_Work task_
Using the listing below, copy exactly each line from the one that has "logiques absolus et" through the one that has "⑤スタイリッシュなウォーキングで堂々とメッセージを伝えます。"; omit the pictures.

_Given information_
⟨
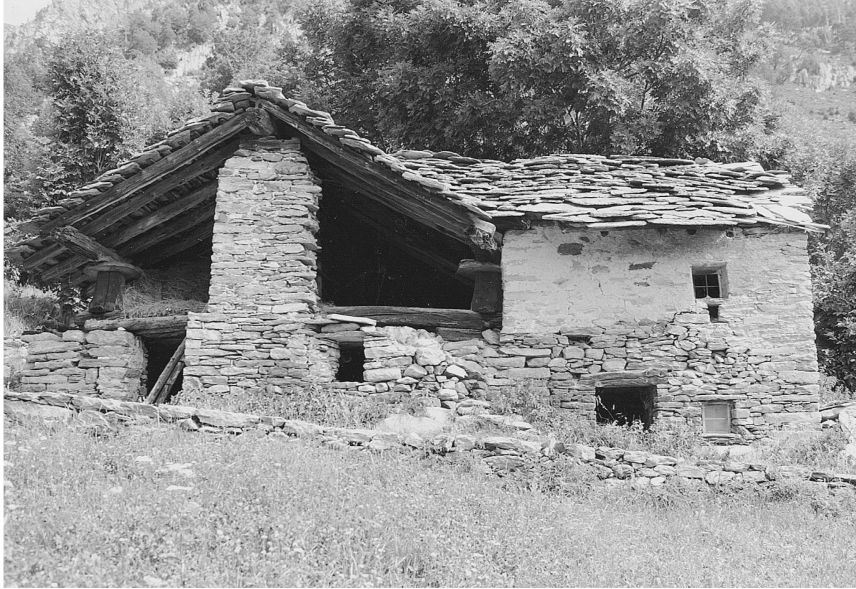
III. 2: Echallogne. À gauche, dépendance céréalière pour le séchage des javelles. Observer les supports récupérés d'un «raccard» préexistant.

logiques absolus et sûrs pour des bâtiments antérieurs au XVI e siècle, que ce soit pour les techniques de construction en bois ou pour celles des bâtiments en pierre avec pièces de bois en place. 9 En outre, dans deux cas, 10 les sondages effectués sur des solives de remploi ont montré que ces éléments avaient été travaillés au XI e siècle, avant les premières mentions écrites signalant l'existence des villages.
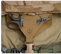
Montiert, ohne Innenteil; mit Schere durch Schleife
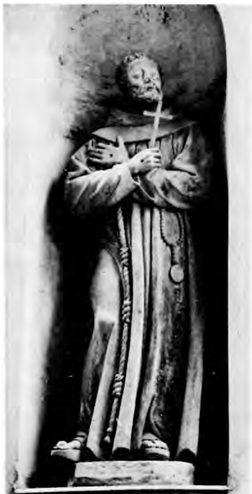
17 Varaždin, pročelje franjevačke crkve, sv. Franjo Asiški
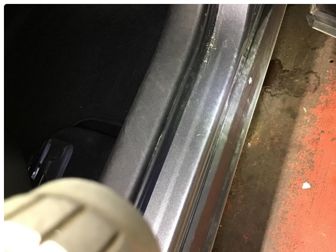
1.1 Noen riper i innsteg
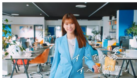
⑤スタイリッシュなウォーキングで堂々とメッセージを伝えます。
⟩
⟨
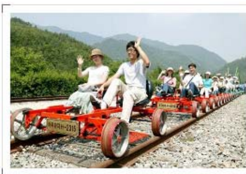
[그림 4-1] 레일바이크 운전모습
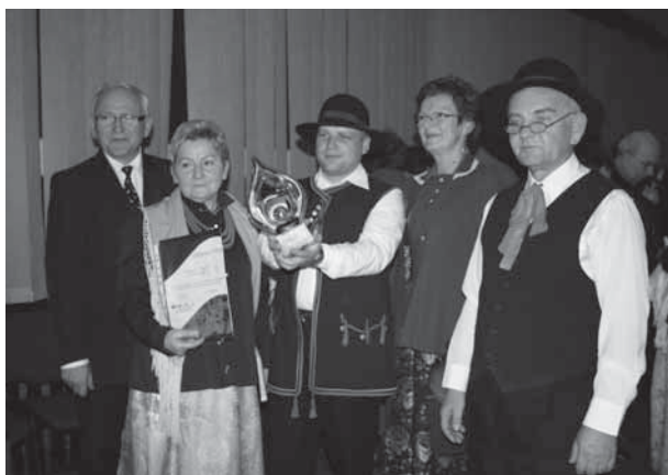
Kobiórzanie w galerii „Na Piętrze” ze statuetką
⟩
_Answer area_
logiques absolus et sûrs pour des bâtiments antérieurs au XVI e siècle, que ce soit pour les techniques de construction en bois ou pour celles des bâtiments en pierre avec pièces de bois en place. 9 En outre, dans deux cas, 10 les sondages effectués sur des solives de remploi ont montré que ces éléments avaient été travaillés au XI e siècle, avant les premières mentions écrites signalant l'existence des villages.
Montiert, ohne Innenteil; mit Schere durch Schleife
17 Varaždin, pročelje franjevačke crkve, sv. Franjo Asiški
1.1 Noen riper i innsteg
⑤スタイリッシュなウォーキングで堂々とメッセージを伝えます。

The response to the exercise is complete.